The Phantom looked a trifle doubtful. He had perceived that the impulses of her heart had been swamped by logic. It was possible she had gone away hating him, firmly convinced he was a murderer, and in that event her sense of duty might easily overcome everything else.
“Frankly, I don’t know,” he declared. “At any rate, I am about as safe here as anywhere for the present. I should like a bath, if I may presume on your hospitality.”
“By all means. And as soon as you have rested a bit we shall dine. Dear me, it is almost nine o’clock! Jerome!”
He instructed the servant, and the Phantom followed the silent and soft-footed man to the bathroom. As he splashed about in the tub, he tried to forget the bitter ache which Helen’s words had left in his heart. Her frigid attitude and her abrupt going away had merely strengthened his determination to convince her of his innocence. He saw that he must act quickly and take advantage of the comparative security which he could enjoy until the police discovered that they had arrested the wrong man.
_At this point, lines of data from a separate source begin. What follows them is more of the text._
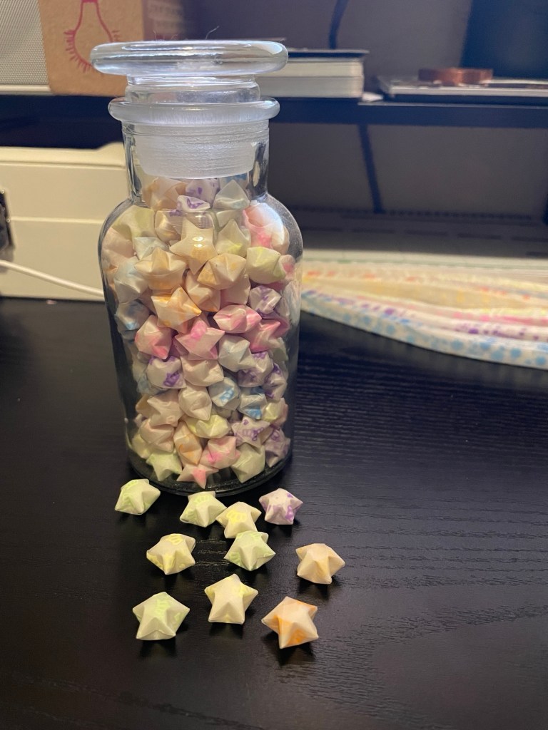 So I did initially start with hearts, but the strips I have are too thin and long to make nice looking ones, so I opted to cheat and re-learn the stars. Once I followed the directions the first time it came back really easily. I decided to go ahead and make 100 and put them in a jar, for one small wish. But I didn’t really keep count and made 210.
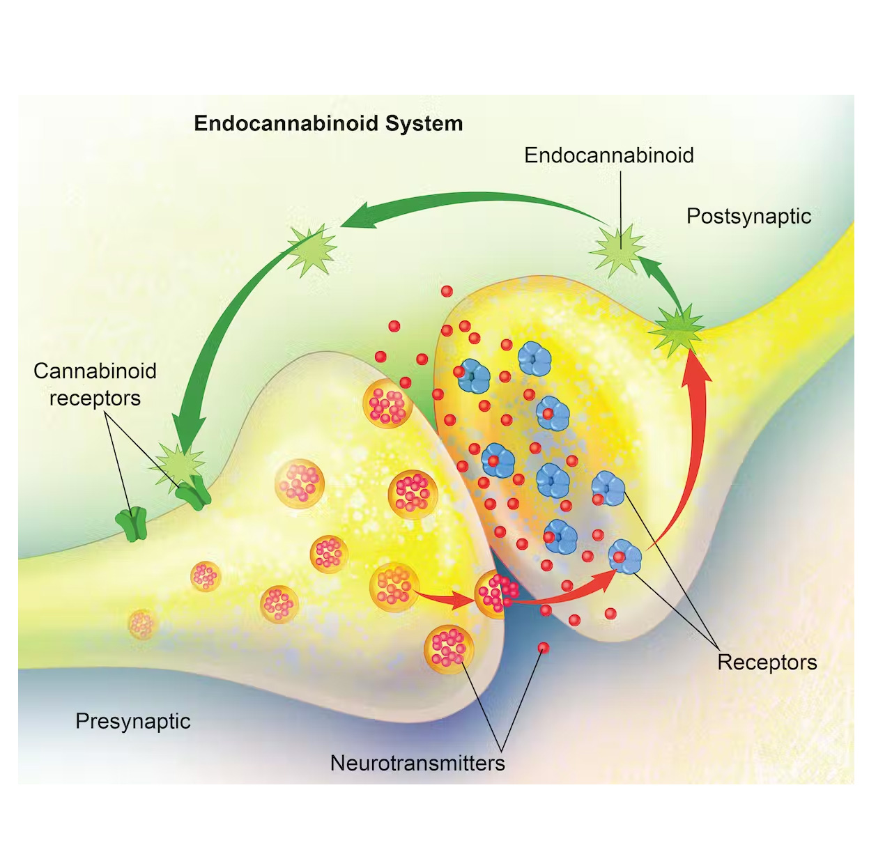The endocannabinoid system – consisting of the endocannabinoids and the cannabinoid receptors – regulates nerve cell communication at the synapse, thereby playing a role in a variety of bodily functions. Carolina Hrejsa, CMI/iStock/Getty Images Plus via Getty Images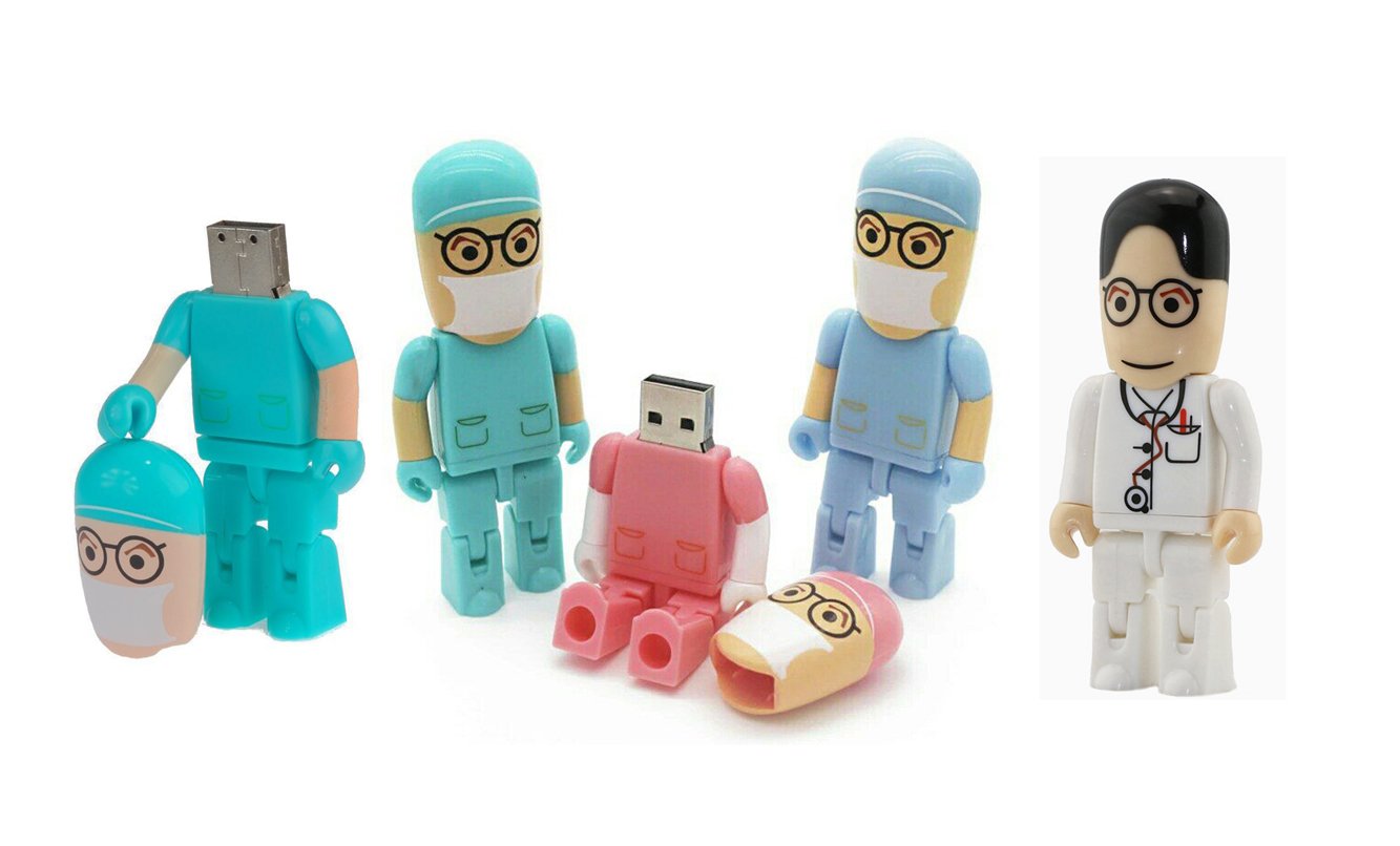 - Flash drive. This gift is necessary for all. You can find a flash drive for a large amount of memory. You can also buy a USB flash drive in a classic style or in the form of a fancy figure. For example, give a pediatrician a flash drive in the form of a cartoon character. There are very original copies, including New Year.

His mind was at work on a plan while he hurried into his clothes, which Jerome had brushed and pressed while he was in the tub. A question that troubled him greatly was how far he could safely take Bimble into his confidence. The sharp-witted anthropologist, with his keen insight into human nature, would prove a valuable ally, but the Phantom felt a great deal of mystification in his presence. There was something about the man which his senses could not quite grasp. Likely as not, it was only the scientific temperament, which gave him an appearance of secretiveness and dissimulation, but of this the Phantom could not be sure.
The dinner, which he ate in the doctor’s company, was excellent, and Jerome served them in a faultless manner, proving that the anthropologist’s devotion to his science had not blunted his taste for physical comforts. The host discoursed learnedly and brilliantly on Lucchini’s theory in regard to the responsibility of the criminal, and it was not until the servant had withdrawn and they had reached their coffee and cigars that he mentioned the subject on the Phantom’s mind.
The dining room, furnished with an approach to elegance that one would scarcely have expected to find on such a shabby street, was lighted by a heavily shaded electrolier. The lights and shadows playing across Bimble’s face as he gesticulated with his head gave him an added touch of mystery and accentuated the general air of inscrutability that hovered about his person. He broached the subject of Gage’s death while lighting his cigar.
“Come now, Vanardy, let us be confidential. It was you who murdered Gage. Why deny it?”
Smiling faintly, the Phantom shook his head.
Bimble regarded him curiously. “The only thing about the crime that interests me is your denial. But I think I understand. In some criminals there is an æsthetic sense which revolts against the vulgar and sordid. Having, on the impulse of the moment, committed a sordid crime, your æsthetic sense reasserts itself, and you want to forget the ugly affair as quickly as possible. Am I right?”